Wednesday, June 29, 2011

Kensington Universal Multi-Display Adapter

This is kind a note-to-self, but maybe it will help somebody else some day.

I've got a Kensington Universal Multi-Display Adapter hooked up to my Mac Mini, so I can have two displays. Works really great, but... whenever the power goes out and the system shuts down, I'll start it back up and that monitor is dark, dead, like a paperweight.

Want to know what I did to fix it?
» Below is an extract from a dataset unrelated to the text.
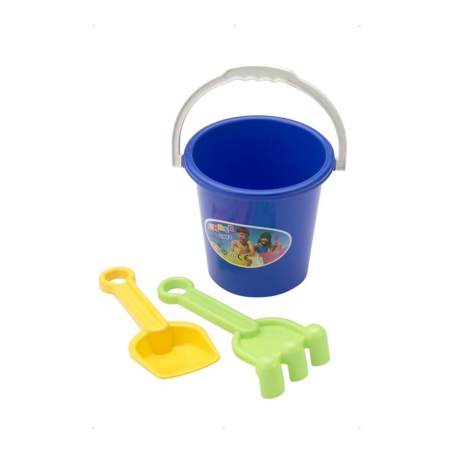 Set de plage, pour enfants, composé d'une pelle jaune, d'un seau bleu et d'un rateau vert. Le tout représente les accessoires basiques pour que votre enfant puisse construire un magnifique château de sable lors d'une journée à la plage.

It's really complicated. Unplug the adapter from the system and plug it back in. Yes, that's all. Only took me an hour this time to think of that. Maybe next time I'll google it and end up back here and ::facepalm:: suffer for only a few minutes.

You're welcome, self!!

TweetDeck

I've tried a few different Twitter/Facebook apps, but just tried TweetDeck... LOVE IT!! SWITCHED!!
Try it yourself, it's in the Android market: here.

Update: one thing I found kind of annoying is that I couldn't figure out how to switch the order of the columns. Maybe someone can give me a better idea how to do this, but I ended up jotting them down, deleting them (the "home" and "me" columns can't be deleted) and re-adding them. Hey, it worked!

Sunday, June 26, 2011

Speaking of Ubuntu (which rocks, by the way)

Hey, speaking of Ubuntu, I didn't mention that I upgraded to 11.04 (natty what?) and have not had a single problem since with the whole suspend/restore on this Dell Latitude C640 that I sometimes use. Thanks, Ubuntu -- you all rock!!

Installing Eclipse (on Ubuntu, of course)

It sure is nice to have the package manager for installing software, but sometimes it's out of date. In the case of Eclipse, I think it gave me the G release, whatever that was, but the latest is Indigo, which you can download from whereverz. And I found a handy page explaining how to "install" it.

Wednesday, June 22, 2011

SCP and spaces

I was looking for help with linux SCP and spaces in file names. I found a somewhat helpful link here: http://www.thingy-ma-jig.co.uk/blog/14-05-2007/how-to-scp-a-path-with-spaces

Its advice didn't work for me out of the box, however.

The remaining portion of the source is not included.